Quel est votre Jésus ?

Frères et sœurs, quelle image vous faîtes-vous de Jésus ? Il ne suffit pas de dire avec Pierre « tu es le Christ », mais de quel Christ parlons-nous ? Grand, petit, brun blond, cheveux filasse ou bouclés, généreux, boudeur… ? Chacun de nous se fait une idée, et c’est d’ailleurs pour moi la raison pour laquelle il m’est si difficile de voir un film où apparaît Jésus, fût-il aussi beau que celui de Pasolini : le Jésus que je vois n’est pas « mon » Jésus.

Jésus de Mel Gibson

Mais je vais préciser ma question : ce Jésus dont vous concevez l’image est-il réaliste ? Je ne parle pas du Jésus sanglant de Mel Gibson, mais de ce Messie pauvre, humilié, blessé, délaissé qu’annonce aujourd’hui le livre d’Isaïe ; ou de celui rejeté, tué, qui plus est comme ils le verront plus tard, crucifié, que Jésus propose à ses disciples ? Je crois que n’importe lequel d’entre nous aurait aujourd’hui autant de mal que Pierre en a eu à son époque.

En fait, j’ai le sentiment que, pour une part plus ou moins grande, nous idéalisons tous Jésus, que nous le voyons tel que nous voudrions qu’il soit et non pas tel qu’il fût vraiment ou tel qu’il voudrait être pour nous : par peur d’une telle image, par peur de ce qu’il est et de ce qu’il pourrait nous demander. J’y vois l’une des raisons pour lesquelles il nous est si difficile de le reconnaître dans ce mendiant couché à notre porte, dans ce vieillard oublié dans sa maison de retraite, dans cet handicapé aux membres désarticulés, dans cette veuve isolée… Du coup, nous sommes bien souvent de ces personnes dont nous a parlé la lettre de Jacques et dont la foi manque cruellement de mise en œuvre.

Sans doute faut-il souligner que, même en ayant dans nos cœurs et nos pensées la réalité d’un Jésus pauvre et délaissé, cela ne suffit pas toujours à faire le pas décisif de le reconnaître dans ceux qui présentent ce visage : je pense souvent à cet égard à notre père Saint François devant son fameux lépreux. Pour le dire avec les mots de Jésus, renoncer à soi-même, prendre sa croix et suivre notre Sauveur ne vont jamais de soi, même si, pour une part, nous voudrions y répondre parce que nous savons que c’est la meilleure des choses pour nous.
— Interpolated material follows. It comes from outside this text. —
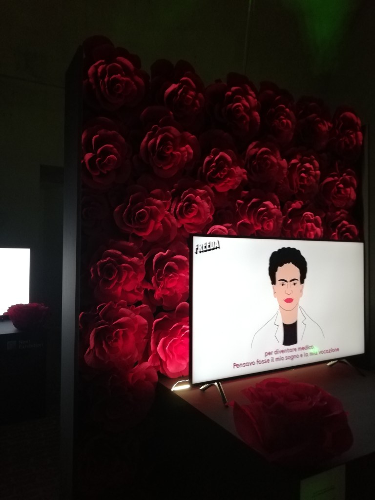 Un televisore incastrato in un muro di rose vi accoglierà nella prima sala e vi spiegherà, con un video animato realizzato da Freeda, pagina social il cui nome ricorda quello di Frida Kahlo, la sua vita ma soprattutto il tragico e tristemente noto incidente del 1925, che questa vita l’ha cambiata per sempre. Proseguendo il percorso, si accede all’ingresso della Casa Azul, dimora in cui hanno vissuto la pittrice e suo marito Diego Rivera, oggi sede del museo Frida Kahlo. Si passa poi alla seconda sala: una vera e propria immersione nel mondo di Frida attraverso riproduzioni degli ambienti, come il suo studio e il letto a baldacchino nel quale dipingeva i suoi famosi autoritratti nel periodo in cui era rimasta immobilizzata, a causa del già citato incidente. Per completare il tutto, sono state esposte anche riproduzioni dei suoi abiti e dei suoi monili, rappresentanti del suo stile iconico, colorato e ispirato al suo amato Messico.

C’est ici qu’intervient, me semble-t-il, la prière, cette prière à laquelle Jésus lui-même était fidèle : pour nous, dans les moments les plus difficiles, elle ne vise pas vraiment à modifier une situation, encore moins à changer ceux qui sont en face de nous le cas échéant comme le lépreux de François, qui reste un lépreux. Non, la prière vient modifier notre propre cœur pour le rendre plus « saignant », plus compatissant, plus en phase avec celui de Jésus. La prière nous transforme nous, et c’est pourquoi elle nous permet ensuite de faire ce que nous ne nous serions pas crus capables de faire. Comme de recevoir le Christ tel qu’il est et de perdre notre vie pour notre prochain.